▶ _Supplied information_:
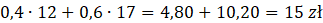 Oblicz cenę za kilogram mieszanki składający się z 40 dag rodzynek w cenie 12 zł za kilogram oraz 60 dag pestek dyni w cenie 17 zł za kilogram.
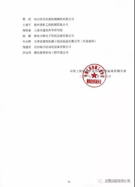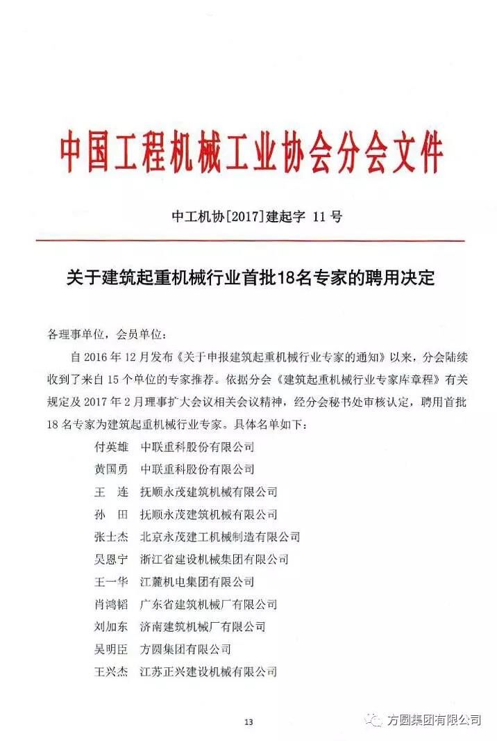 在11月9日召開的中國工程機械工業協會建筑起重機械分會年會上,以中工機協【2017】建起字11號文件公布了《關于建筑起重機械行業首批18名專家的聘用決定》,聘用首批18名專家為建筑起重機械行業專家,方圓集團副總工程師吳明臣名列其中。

--

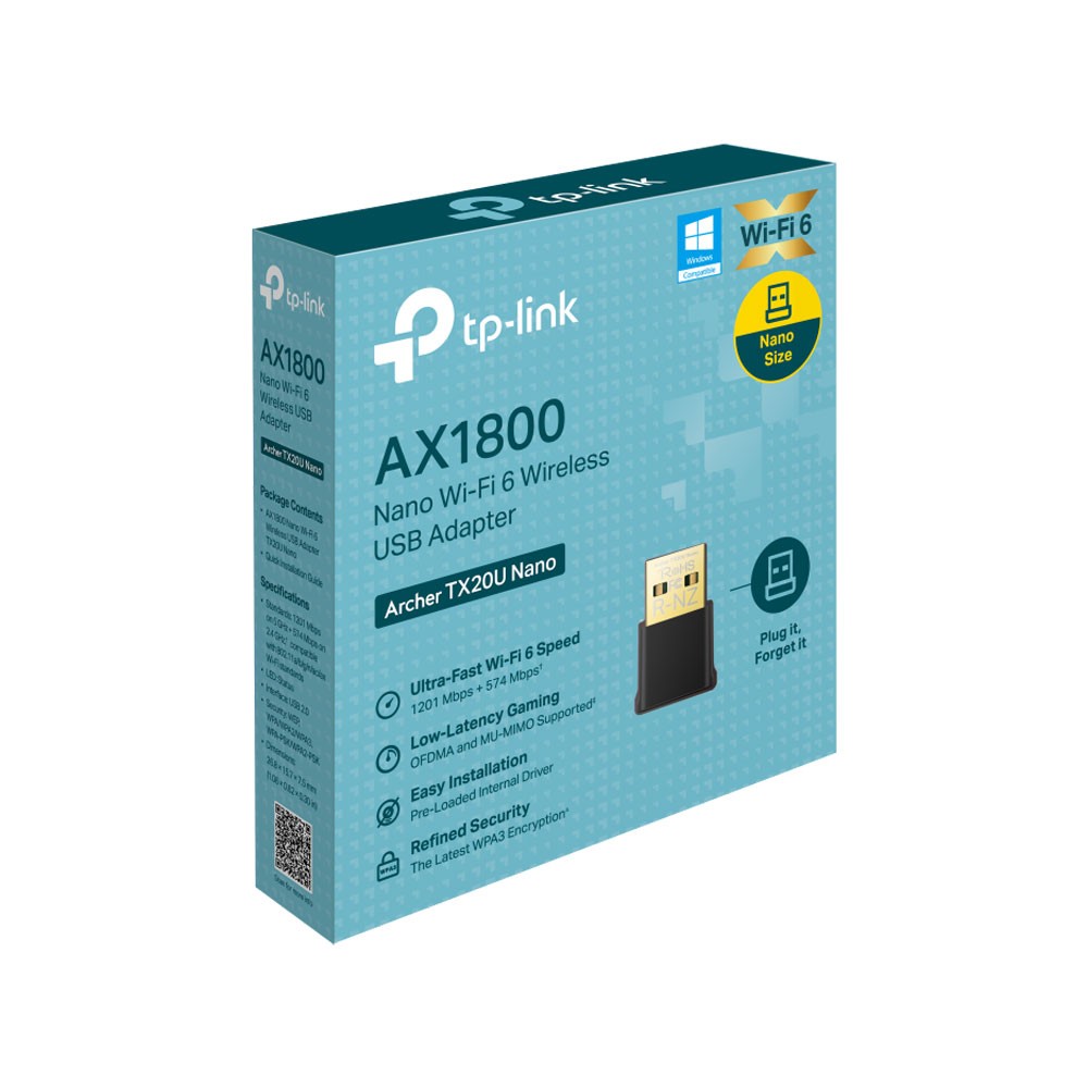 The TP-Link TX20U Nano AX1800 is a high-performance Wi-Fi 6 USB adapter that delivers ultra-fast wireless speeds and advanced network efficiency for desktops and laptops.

▶ _Your task_: Using the listing above, repeat word for word each line from the one with "Oblicz cenę za" down to the one with "在11月9日召開的中國工程機", both included. Omit all pictures.

▶ _Output for this task_:
 Oblicz cenę za kilogram mieszanki składający się z 40 dag rodzynek w cenie 12 zł za kilogram oraz 60 dag pestek dyni w cenie 17 zł za kilogram.
 在11月9日召開的中國工程機械工業協會建筑起重機械分會年會上,以中工機協【2017】建起字11號文件公布了《關于建筑起重機械行業首批18名專家的聘用決定》,聘用首批18名專家為建筑起重機械行業專家,方圓集團副總工程師吳明臣名列其中。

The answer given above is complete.